По мнению Суда, важным являлось то, что в ходе судебного разбирательства именно сторона обвинения допрашивала сотрудников милиции, которые участвовали в задержании заявителя, ее личном досмотре и снятии отпечатков пальцев. Все сотрудники милиции дали показания о том, что все время до досмотра заявитель держала сумочку при себе, и что после досмотра у нее были сняты отпечатки пальцев всего один раз. В свою очередь, сторона защиты в целом бездействовала в ходе перекрестного допроса этих свидетелей и задала им всего два вопроса, направленные на дальнейшее прояснение подробностей вышеупомянутых событий (пункт 170 постановления).

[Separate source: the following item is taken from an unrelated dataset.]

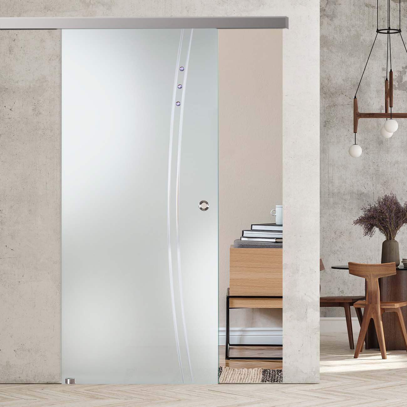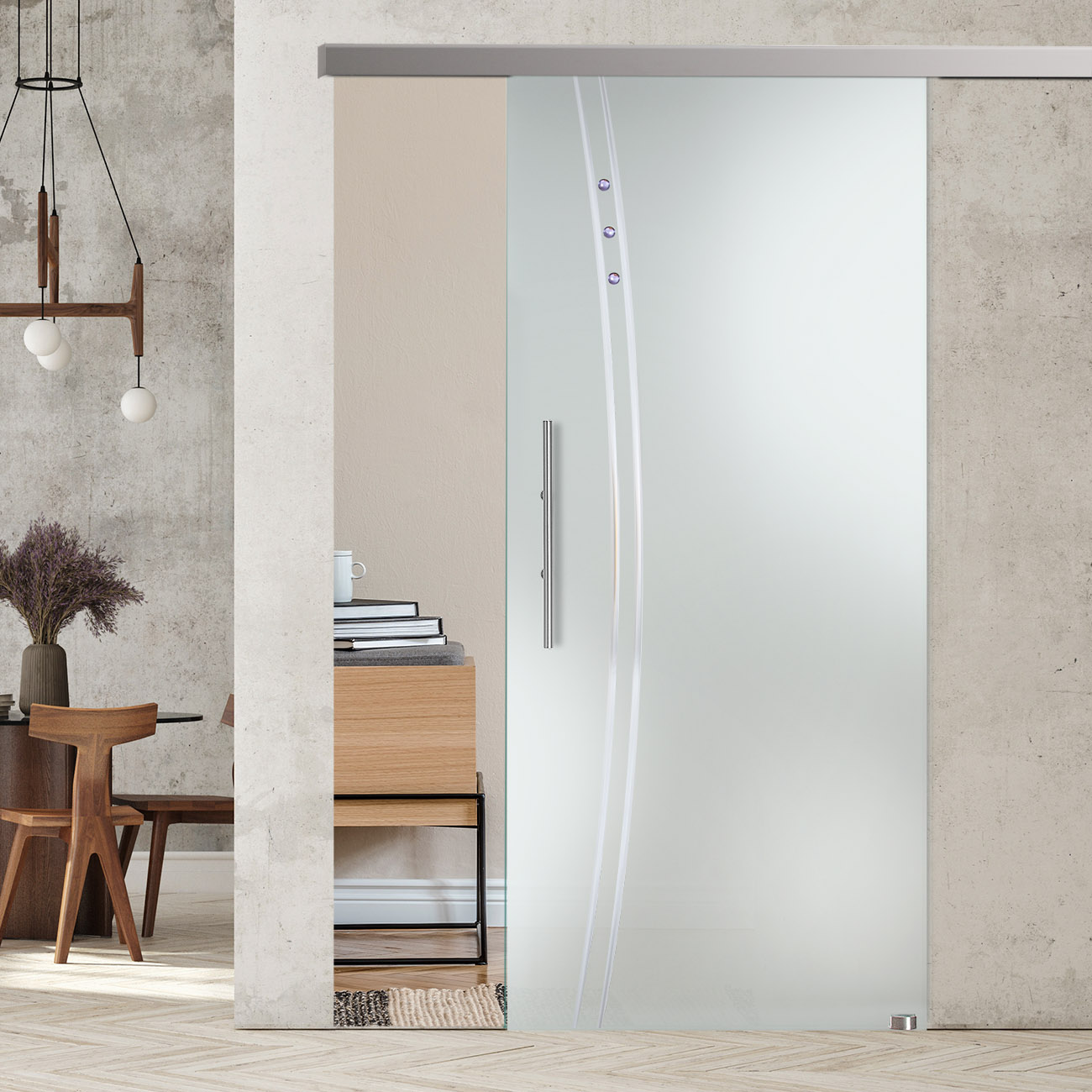 Produktinformationen "Schiebetür "909 S" mit AG50-Schiebesystem, Schmucksteinen und Rillenschliff "
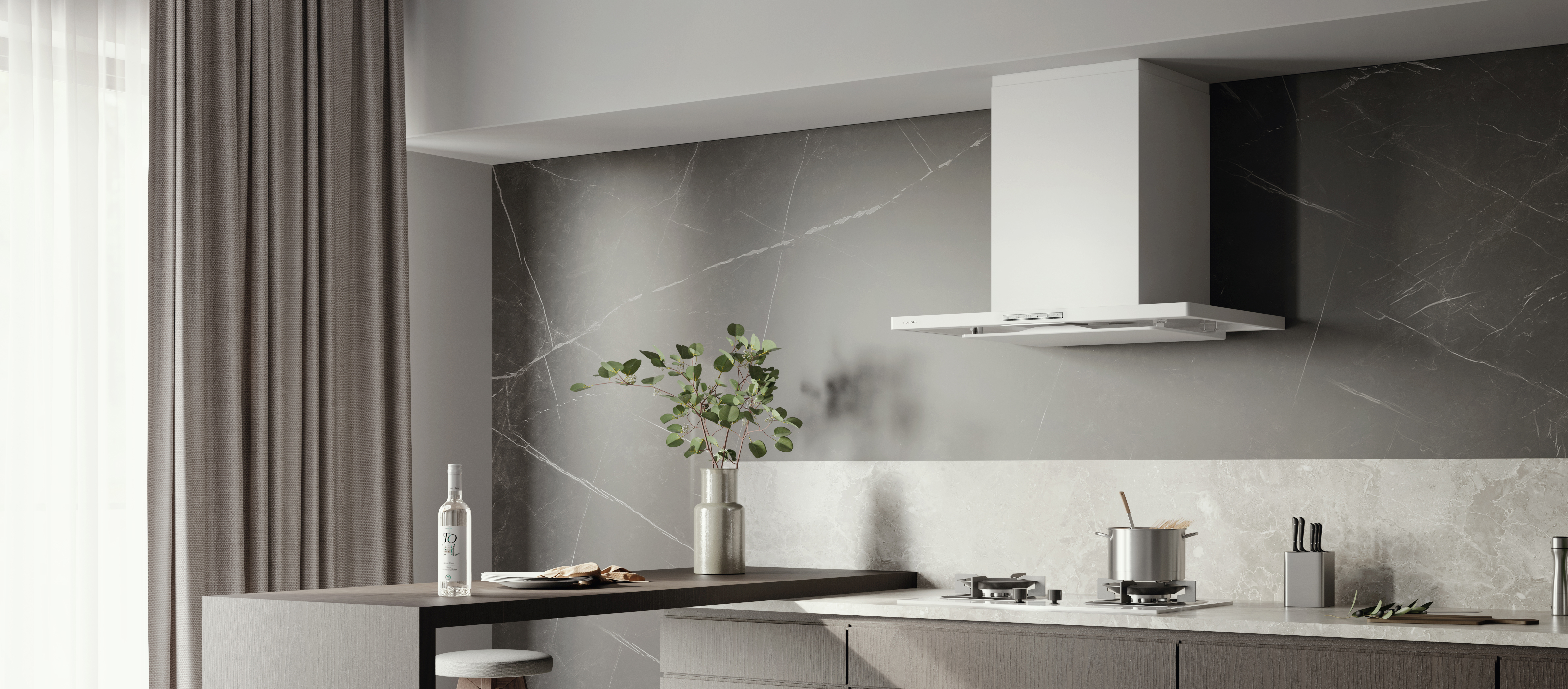 An upgraded fusion cooker hood with Super Kirei oil repellent coating on the fan in an ergonomic inclined design, keeping the hood clean from inside out.

Суд отметил следующее - сторона защиты лишь вкратце указала на относимость потенциальных показаний Б. и К. Однако она не привела каких-либо конкретных фактических или юридических аргументов и не конкретизировала, почему можно обоснованно ожидать, что их показания подтвердят позицию стороны защиты. Сторона защиты не привела такого уточнения и в своей апелляции. Учитывая, что заявитель сама утверждала, что взрывчатка была подброшена до прибытия понятых, для допроса этих свидетелей потребовались бы дополнительные основания (пункт 171 постановления).

Рассмотрели ли внутригосударственные суды относимость
каких-либо показаний Б. и К. к делу и привели
ли они достаточные основания для своего решения
об отказе в их допросе в суде?

Суд подчеркнул, что в протоколах судебного заседания не указывались основания, приведенные судом первой инстанции для отклонения ходатайства стороны защиты о вызове свидетелей. Тем не менее Верховный Суд Российской Федерации, выступая в качестве суда вышестоящей инстанции, обладающего компетенцией рассматривать как фактические, так и правовые вопросы, пришел к выводу о том, что личное присутствие Б. и К. не являлось необходимым, поскольку сама заявитель утверждала, что взрывчатка была подброшена в ее сумочку до проведения личного досмотра. Он также отметил, что сторона защиты согласилась перейти к представлению заключительных доводов и не выдвинула никаких возражений и не подала никаких дополнительных ходатайств о заслушивании показаний (пункт 172 постановления).

По мнению Суда, хотя внутригосударственные суды не отклонили ходатайство заявителя как необоснованное, очевидно, что значимость возможных показаний понятых, как утверждала сторона защита, и с точки зрения суда первой инстанции, имела лишь отдаленное отношение к предмету обвинения (пункт 173 постановления).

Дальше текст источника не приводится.